> [AIM OF THE TASK] Please output, exactly and without pictures, the lines from the opening of the listing below through the line containing "yourself to a", both included.

> [MATERIAL FOR THIS EXERCISE]
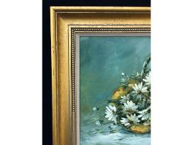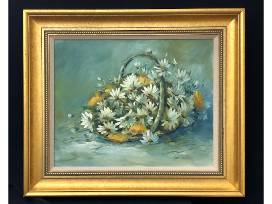 Beautiful still life of a basket of daisies in the morning sun. Oil on canvas; framed in gold leaf with grey glazing. Dominate color pallet; blue-greens, white, yellow and dark blue shades.
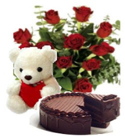 A Gift to youA beautiful way to let your spouse/ sweetheart/ loved one know how much she's missed. 12 Pieces red roses bouquet, 8 inches white teddy w/ iloveyou pillow and chocolate cake.Your gift will come with a greeting card
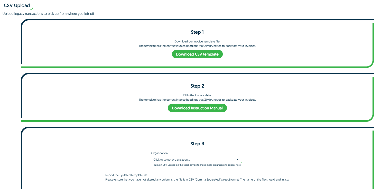 The CSV Import option allows someone to upload transactions from a period in the past before their integration was connected, where they were unable to create fiscal invoices while transitioning from their old fiscal supplier.
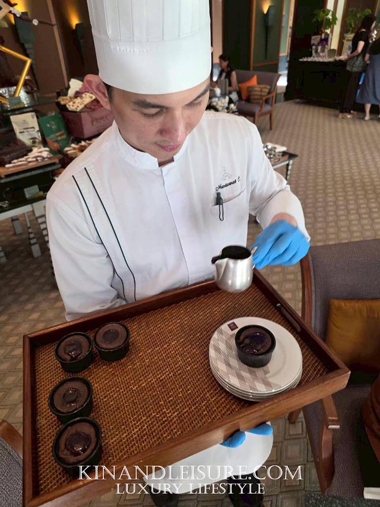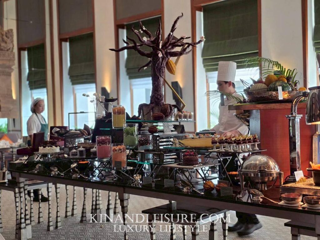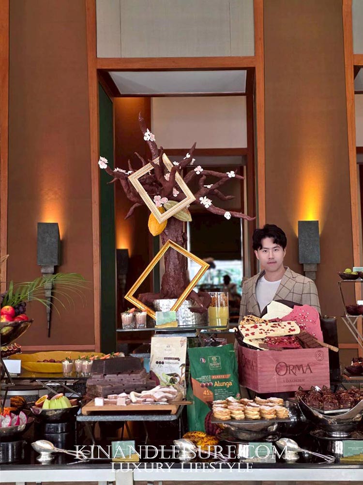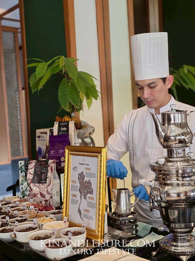มื้อนี้ไม่ใช่เพียงการทานบุฟเฟ่ต์ขนมหวานทั่วไป แต่มันคือการ “Treat yourself to a world of over 100 chocolate varieties” ที่นี่คือดินแดนที่คุณสามารถสร้างสรรค์เครื่องดื่มช็อกโกแลตในอุดมคติผ่านการชี้แนะของเชฟผู้เชี่ยวชาญ (Expertly Crafted Just for You) ท่ามกลางเสียงบรรเลงขิมสดที่ขับกล่อมให้บรรยากาศนุ่มนวลชวนฝัน
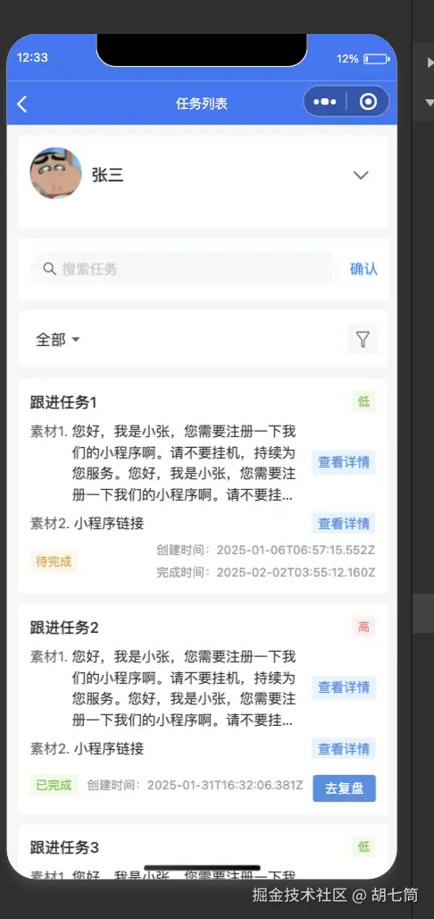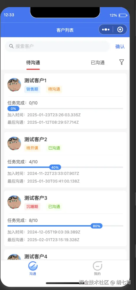 AI编程太牛了👍。零散时间(有效工作两个小时左右,全程chat自然语言交互),利用字节的Trae(大模型基座Claude-3.5-Sonnet)实现的初版CRM小程序。ui boy、crud boy、sql boy真得瑟瑟发抖了,先进生产力工具一定要用起来。未来一个人+AI就是无敌全栈了,未来都是AI Chat Boy。
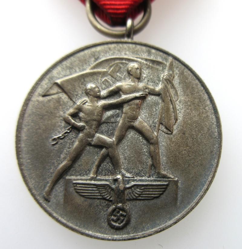 A nice, used condition Austrian Anschluss Medal. Comes on its original piece of ribbon which still has its attaching pin.
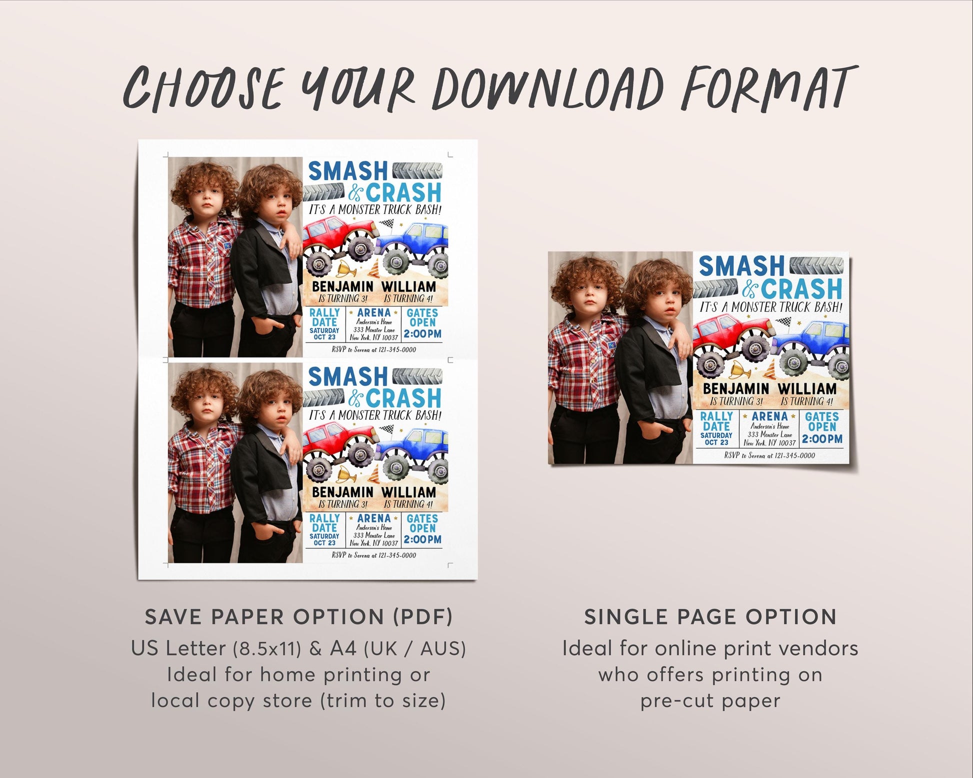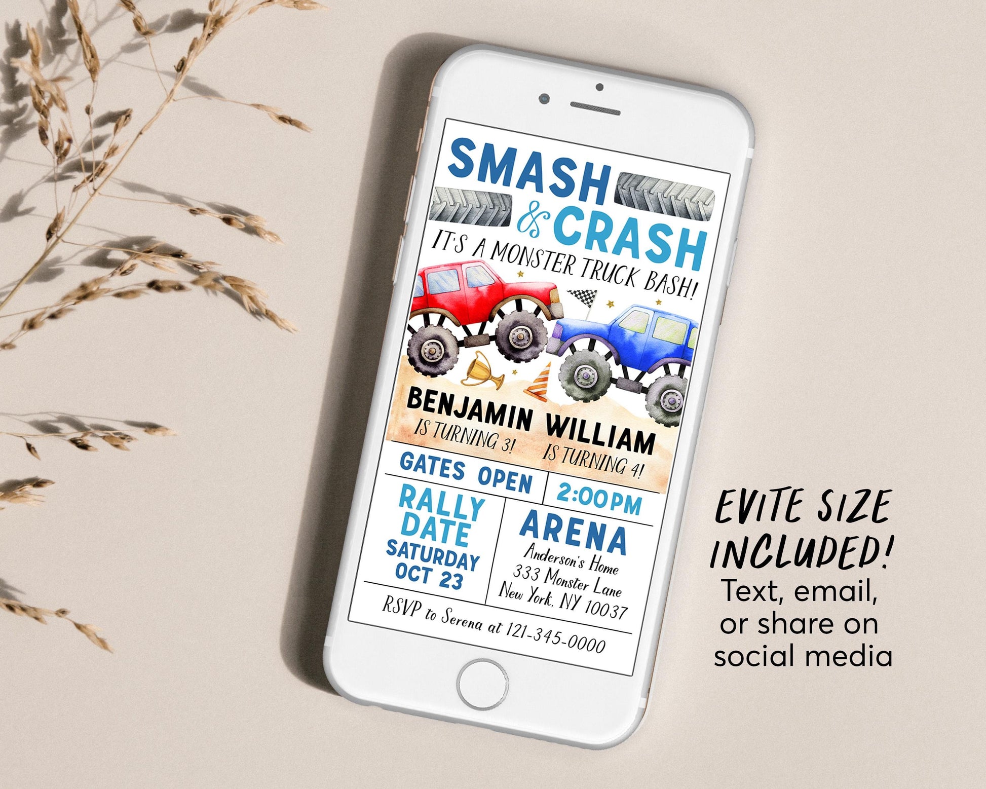 Monster Truck Joint Siblings Birthday Invitation With Photo Editable Template, Boy Twins Smash And Crash Party Invite, Monster Truck Evite
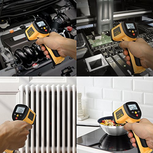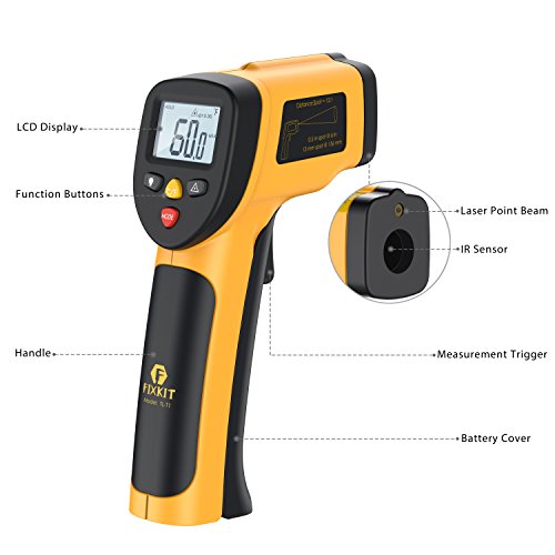 Fixkit 赤外線放射温度計 非接触レーザー デジタル 温度計 調理用 バックライト レーザーポインタ付 電池付き(-50°C to 450°C計測可) TL-T1
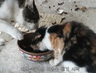 다른냥이들도 착한게 자기 영역에 들어온 냥이를 결국 겸상 하도록 받아주긴 줌..
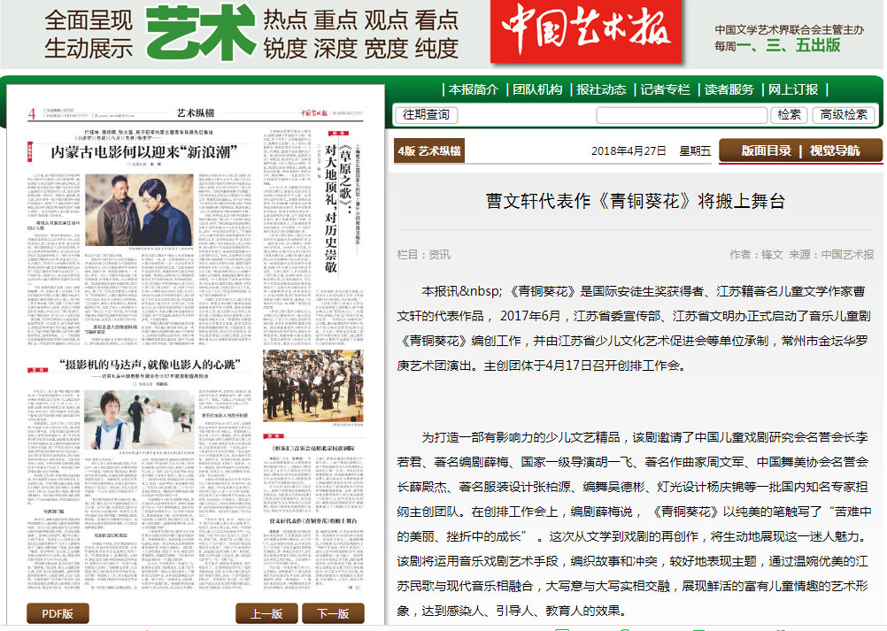 中国文化报:音乐儿童剧《青铜葵花》即将开排
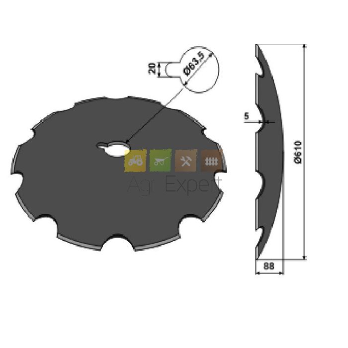 Disque de covercrop bombé crénelé D610x5 trou rond D63.5 ergot

> [RESULT OF THE EXERCISE]
 Beautiful still life of a basket of daisies in the morning sun. Oil on canvas; framed in gold leaf with grey glazing. Dominate color pallet; blue-greens, white, yellow and dark blue shades.
 A Gift to youA beautiful way to let your spouse/ sweetheart/ loved one know how much she's missed. 12 Pieces red roses bouquet, 8 inches white teddy w/ iloveyou pillow and chocolate cake.Your gift will come with a greeting card
 The CSV Import option allows someone to upload transactions from a period in the past before their integration was connected, where they were unable to create fiscal invoices while transitioning from their old fiscal supplier.
มื้อนี้ไม่ใช่เพียงการทานบุฟเฟ่ต์ขนมหวานทั่วไป แต่มันคือการ “Treat yourself to a world of over 100 chocolate varieties” ที่นี่คือดินแดนที่คุณสามารถสร้างสรรค์เครื่องดื่มช็อกโกแลตในอุดมคติผ่านการชี้แนะของเชฟผู้เชี่ยวชาญ (Expertly Crafted Just for You) ท่ามกลางเสียงบรรเลงขิมสดที่ขับกล่อมให้บรรยากาศนุ่มนวลชวนฝัน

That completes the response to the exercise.